Further, the documents show the ambiguous standards of the program that allowed it to stretch the court's definitions of "targets" and, at times, work backwards after a wiretap had been carried out to prove that probable cause requirements had been met.

Savage writes:

[Vinson] approved continued surveillance on a long list of accounts that were already under watch, while signing off on a process that allowed the N.S.A. to systematically begin monitoring new phone numbers and email addresses without waiting for judicial approval.

Instead, the government would compile lists of all its new targets and its reasons for going after them, which it would show to the court in weekly reports. The court would then make after-the-fact findings that the probable cause requirements had been met for those, too.

The order also acknowledges that some domestic communications may be "inadvertently" acquired in the surveillance process. In those cases, the NSA should "minimize the review" of those phone calls and emails, if they do not "contain foreign intelligence information or evidence of a crime."

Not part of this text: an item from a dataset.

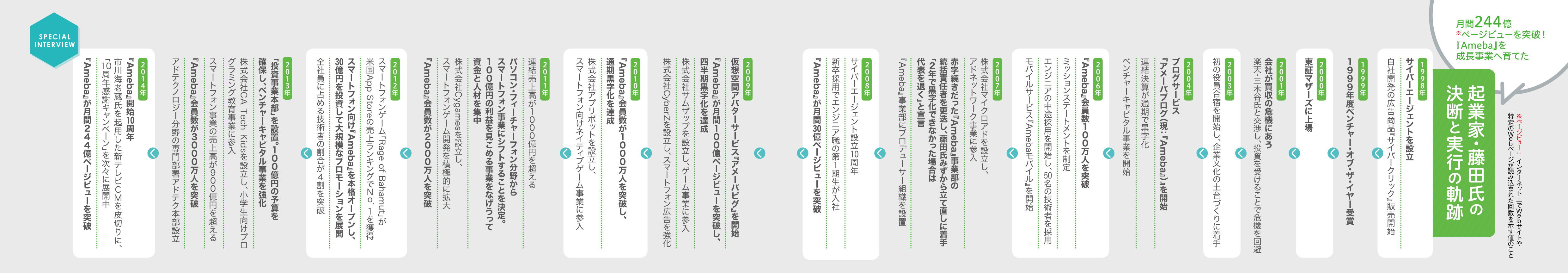 藤田:端的にいえば、マイペースに経営を行ってきたことです。振り返れば、当社は時代ごとにさまざまな紹介のされ方をしてきました。ITバブルのときは、「ビットバレー」をけん引するベンチャーの1社として。「ヒルズ族」という言葉が流行ったときは、その代表格として私の名前とともに頻繁にとりあげられました。六本木じゃなく、渋谷にいるのに(笑)。そして現在は、『Ameba』やゲームを運営する会社として広く認知されています。こうしてみると、つねに攻めの経営をしてきたようにみられがちですが、そんなことはありません。たとえば世間が浮ついているときでも、インターネットという成長産業から軸足をぶらさず、つねに地に足をつけた経営を心がけてきたのです。消えていった会社の多くは違いました。マスコミに大きくとりあげられ、多くの投資家がつき、人材採用も成功する。すると、浮足立ってしまうんです。新規事業に必要以上の投資をしたり、ムリに規模の拡大を図ったりして、成長を急いでしまう。結果、足をすくわれてしまうのです。

Vinson's August order noted that Judges George Kazen, John Bates, Dee Benson, Frederick Scullin and Colleen Kollar-Kotelly, who also served on the court, were concerned over the extent of the NSA's knowledge of its surveillance targets.

"Roving wiretaps are reserved for investigations in which the accounts... are 'unknown' at the time of the order," Savage writes. "But Judge Vinson insisted that it was acceptable for the N.S.A. to use the power to target accounts it already knew about, too, so long as analysts had not yet completed the process of 'connecting the dots' until after the application for the order."

Vinson's May order expired on August 24, 2007 and was not renewed. But by that point, the Protect America Act--which allowed the NSA to continue the warrantless surveillance it had already been engaged in--was passed by Congress and signed into law by President George W. Bush.